Open anirban-mu opened 8 months ago
Hmmm, it is difficult to say without seeing how you instantiated your models. Could you share your full code with respect to that? There might be something going in with the variant of BERTopic that you are using or any other changes that you might have made to the model.
I can't share the original code as the variable names etc. are all linked to things I cannot share. I have tried to create a MWE taking away those elements and replacing them (particularly, the data) but I am unable to reproduce the error. Sorry, I know this is crucial to debugging but when I try to create a MWE, I end up with a pretty generic version that works.
Hmmm, this is quite difficult. Without a way for me to reproduce the issue, I am not sure if I can uncover what the exact issue is exactly. It is like looking for a needle in a haystack without knowing what the needle actually is.
Let's approach it a bit differently then.
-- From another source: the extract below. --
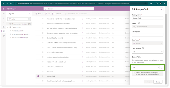 - Select Yes from the Current Value list.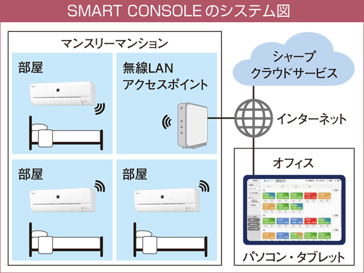 インターネットで調べて見つけたのがシャープの集中管理システム「SMART CONSOLE」です。部屋に設置したシャープ製無線LAN搭載エアコンとクラウド接続し、離れたオフィスから一棟丸ごと動作状況をパソコンのブラウザで見られて、電気代をチェックできることを第一に評価しました。また、「TOMOS保土ケ谷」は既存施設のリノベーション物件であり、設備・配線などの追加工事なしで簡単に導入できるのもポイントでした。

Could you share what is inside BERTopic(embedding_model=embedding_model, umap_model=umap_model, hdbscan_model=hdbscan_model, representation_model=representation_model, calculate_probabilities=True)
? These variables might give some clues.
This is the code after stripping out variables names etc. so there is a non zero probability of errors introduced in the changes. In short, two models are run on each df -- one on column1 and the other on column2. The topic probabilities from these models when given both columns concatenated is the object of interest. This way the model estimated on column1 is used to assign probabilities for both column1 and column2, the one on column2 likewise. Thus for two columns and 2 datasets, I end up with 4 matrices of probabilities. The embeddings are precomputed and saved. These are likewise stacked vertically mirroring the concatenation of inputs.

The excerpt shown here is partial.